7 Inbedrijfstelling
83315307 1/2020-05 La
Montage- en bedieningsrichtlijnen
Lucht/water-warmtepomp WWP LB 12-A R en WWP LB 20-A R (binnenunit)
7 Inbedrijfstelling
7.1 Voorwaarden
De inbedrijfstelling mag enkel door gekwalificeerde vaklui uitgevoerd worden.
De inbedrijfstelling mag pas na de volledige installatie, drukcontrole van de
koelmiddelleiding en dichtheidscontrole van het koelcircuit uitgevoerd worden.
Enkel een correct uitgevoerde inbedrijfstelling garandeert de bedrijfszekerheid.

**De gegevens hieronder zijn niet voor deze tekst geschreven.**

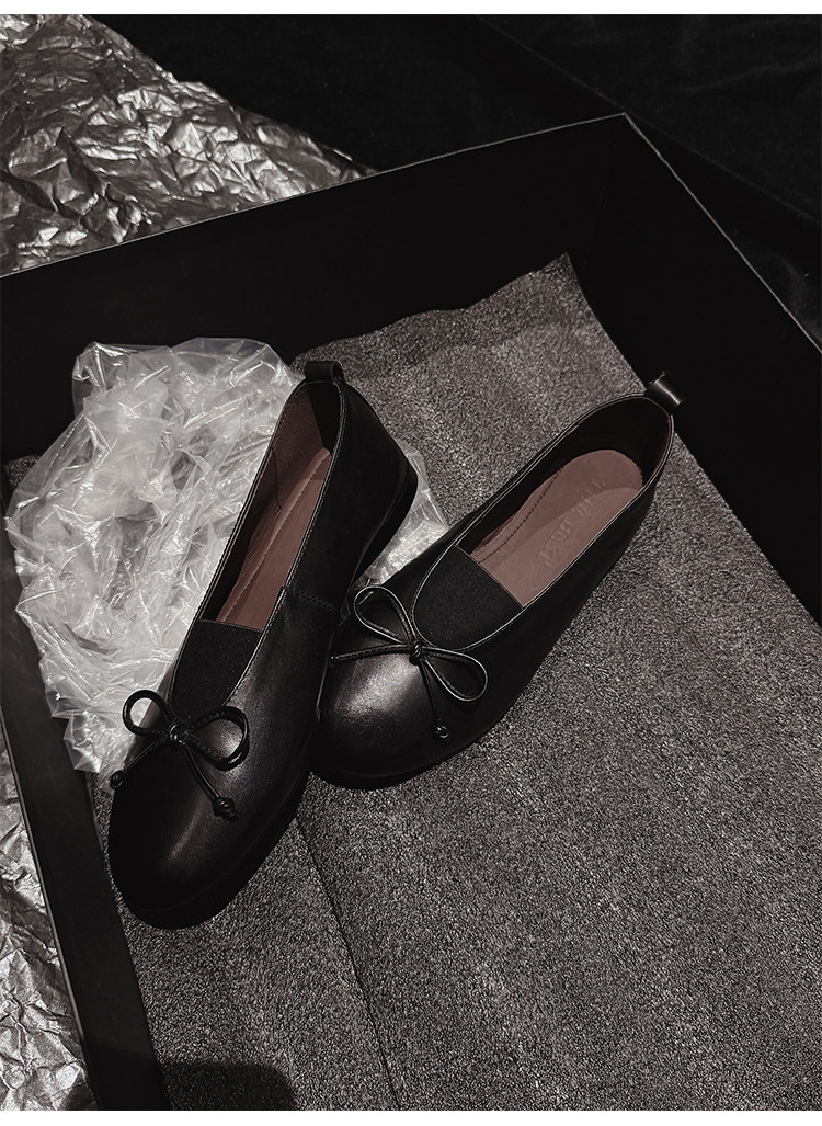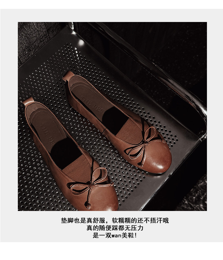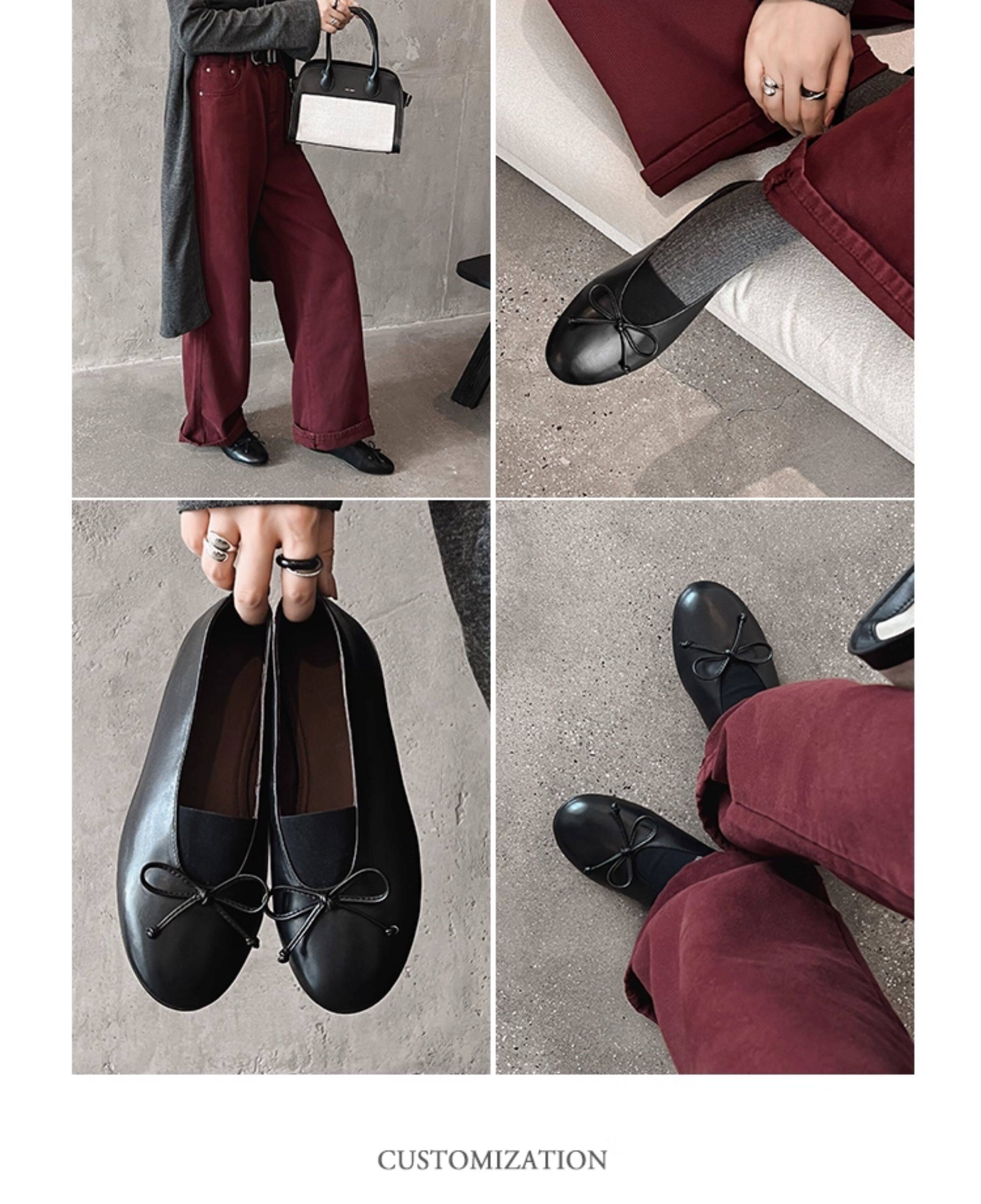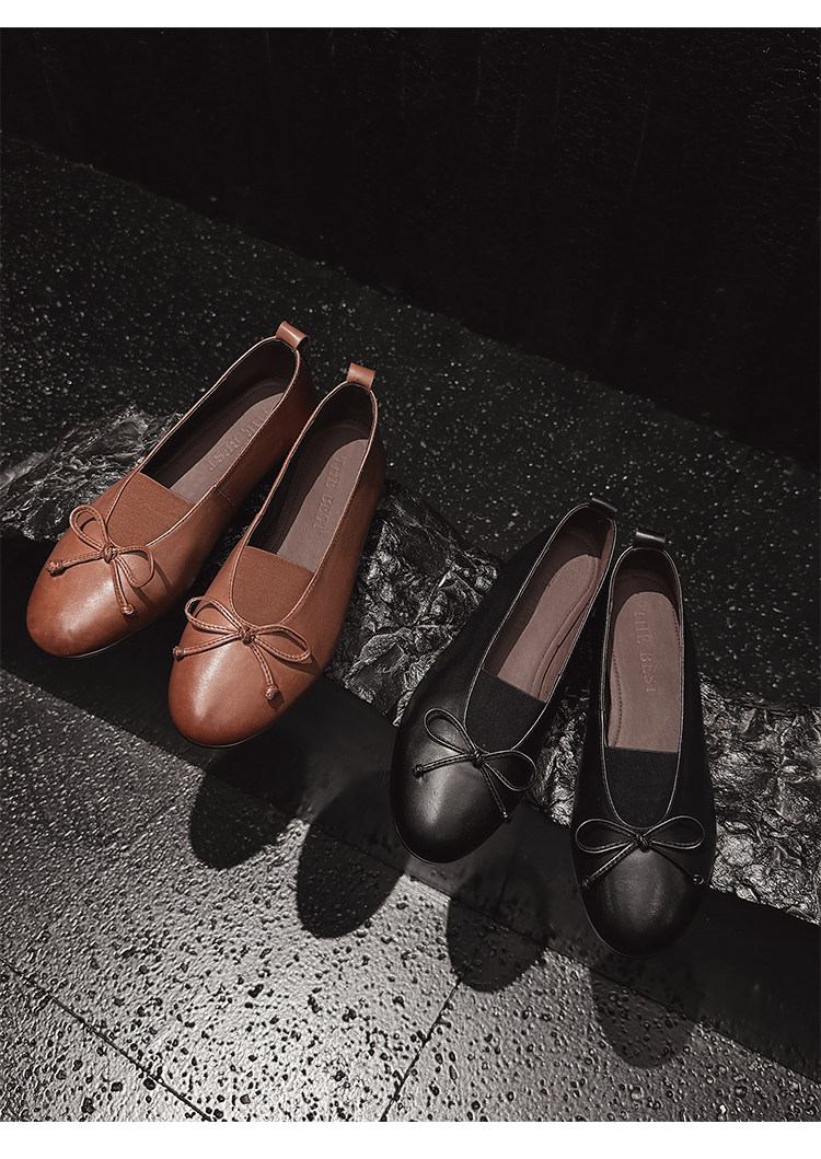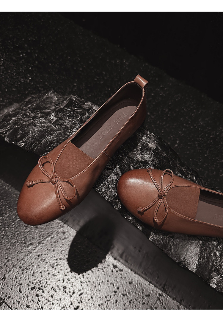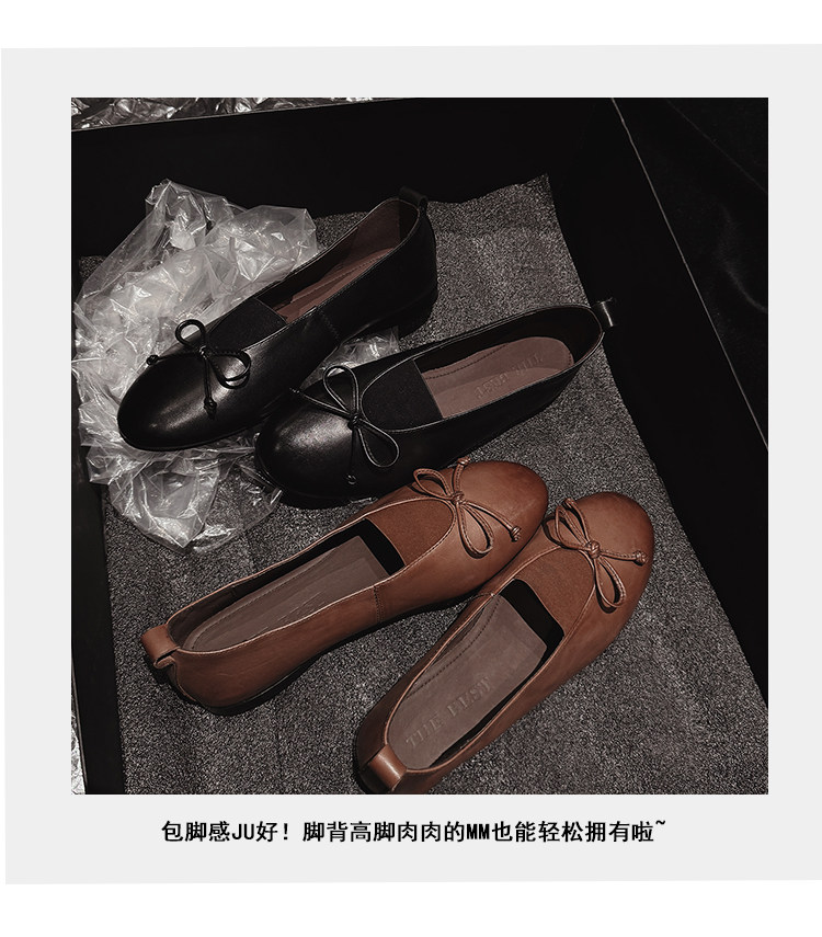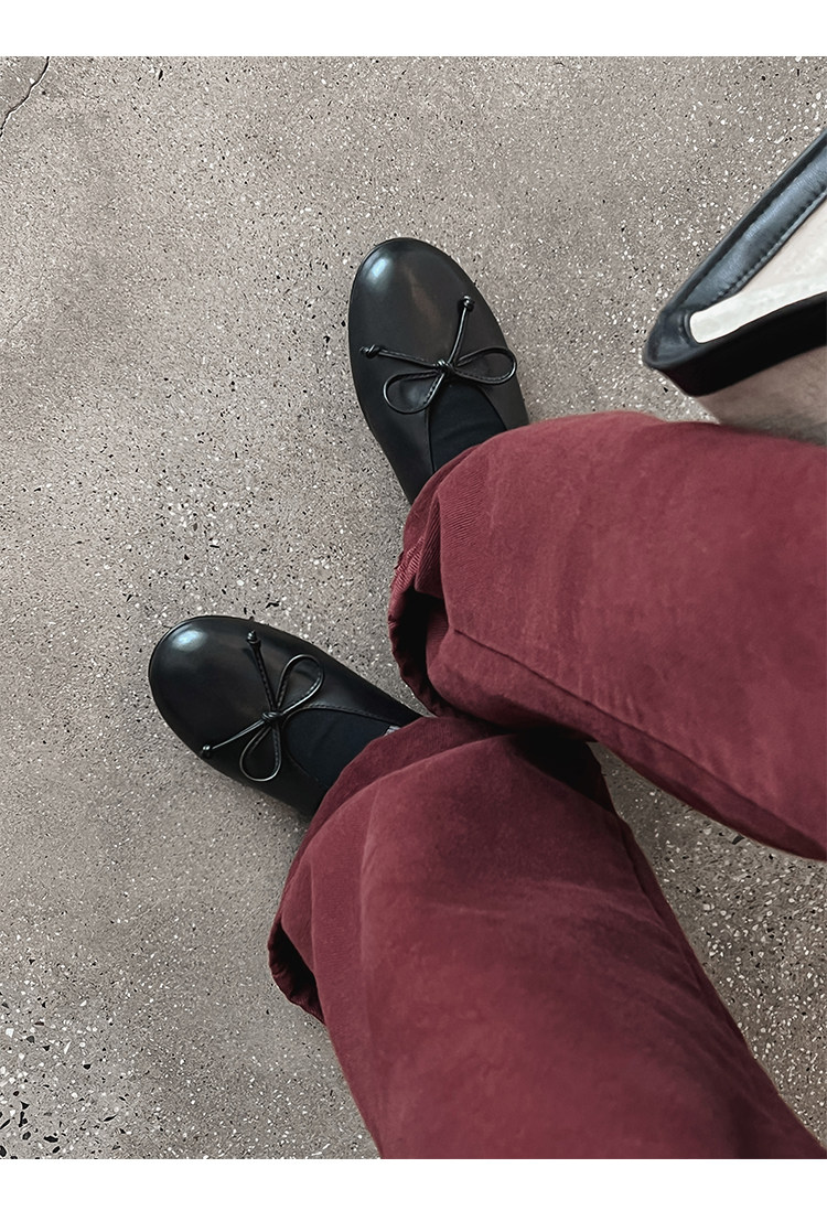 Italy's Corso Venezia~Vintage Genuine Leather Round-Toe Bow-Knot Ballet Flat Mary Jane Soft-Soled Shoes
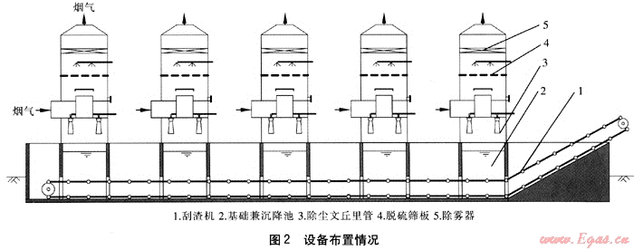 脫硫除塵裝置安裝在原除塵器的位置,底部基礎(chǔ)兼做沉降池,在池底安裝刮渣機(jī),5臺雙循環(huán)煙氣脫硫除塵裝置基礎(chǔ)連通,共用一臺刮渣機(jī),沉降的灰渣經(jīng)刮渣機(jī)的框鏈集中運(yùn)輸?shù)交覉?。雙循環(huán)脫硫除塵裝置總阻力比原除塵器僅增加500Pa,因此可保留原引風(fēng)機(jī)。增加一個除塵水循環(huán)池和一個堿液循環(huán)池,除塵水循環(huán)池與沉降池連通,除塵水循環(huán)泵將除塵水通過噴頭送入文丘里管與煙氣混合,在喉口處煙塵與液滴充分混合,煙塵被加濕粒化高速流出文丘里管后沖擊液面,被液面捕集,灰渣沉降于池底被刮渣機(jī)清除,清液流回除塵水循環(huán)池循環(huán)使用。堿液循環(huán)泵將堿液送入脫硫塔,在篩板上與除塵后的煙氣混合形成流化床,煙氣中的二氧化硫被吸收,脫硫后的煙氣經(jīng)除霧器脫水后排出,脫硫后的堿液經(jīng)排液口流回堿液循環(huán)池調(diào)整pH值后循環(huán)使用。設(shè)備外部堿液循環(huán)管道和除塵水循環(huán)管道均采用UPVC工程塑料管。
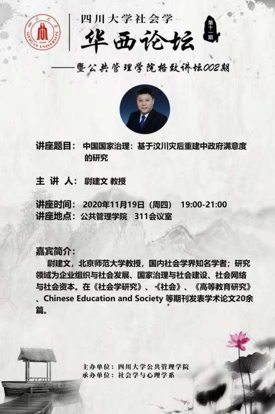 2020年11月19日晚上19:00,澳门太阳成集团社会学华西论坛系列讲座第十期——暨澳门太阳成集团格致讲堂002期于公管院311成功举行。北京师范大学社会学系教授尉建文发表了题为“中国国家治理:基于汶川灾后重建中政府满意度的研究”的演讲。讲座由澳门太阳成集团社会学与心理学系马缨研究员主持,二十余名同学参与了此次讲座。
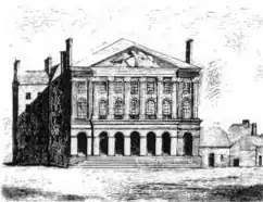 The section of Manhattan where the theatre stood was not stylish: the New Theatre, as it was called, was neighbor to Bridewell Prison, a tent city's worth of squatters, and the local poorhouse.[5] Lewis Hallam, Jr., and John Hodgkinson, both members of the John Street Theatre company, obtained the building's lease. They hired remnants of the Colonial Old American Company to form the nucleus of the theatre's in-house troupe and thus give the establishment the sheen of tradition and American culture.[6] Meanwhile, the men quarreled, and construction continued languorously. The theatre finally held its first performance on January 29, 1798, despite still being under construction. The gross was an impressive $1,232, and, according to theatre historian T. Allston Brown, hundreds of potential patrons had to be turned away.[7]
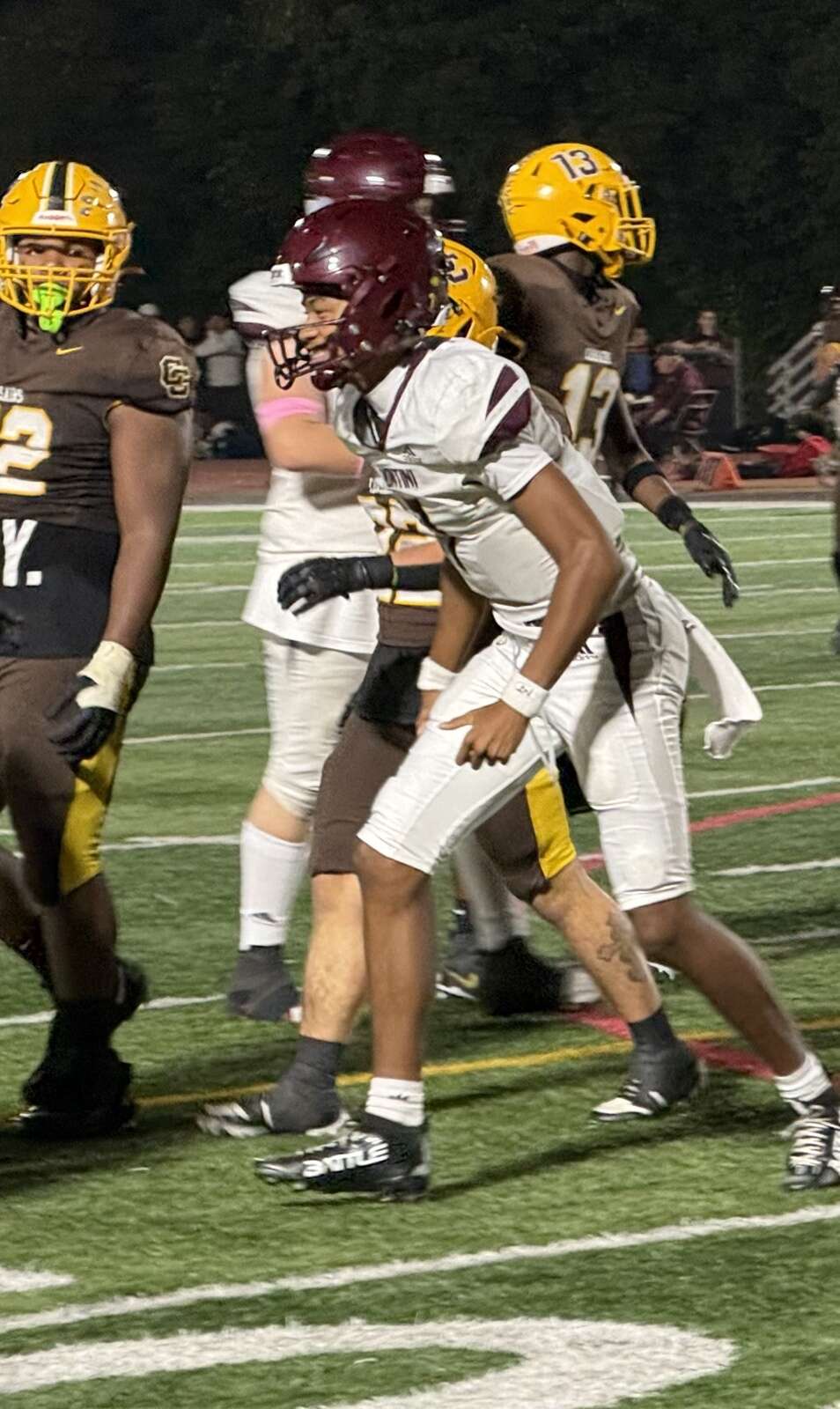 Montini quarterback Israel Abrams gets up after a running play Friday against Carmel in Mundelein. Courtesy of Mike McGraw

Voor de inbedrijfstelling ervoor zorgen dat:
alle montage- en installatiewerken correct uitgevoerd zijn;
toestel en installatie met medium gevuld en ontlucht zijn;
teruglooptemperaturen van minstens 18 °C in alle open stookkringen
aangehouden worden;
er afname van warmte of koude is;
de transportbeveiliging op de binnenunit verwijderd is;
de kogelkranen op de binnen- en buitenunit geopend zijn.
Andere installatiegebonden controles kunnen noodzakelijk zijn. Let hierbij op de
bedieningsvoorschriften van de verschillende installatiecomponenten.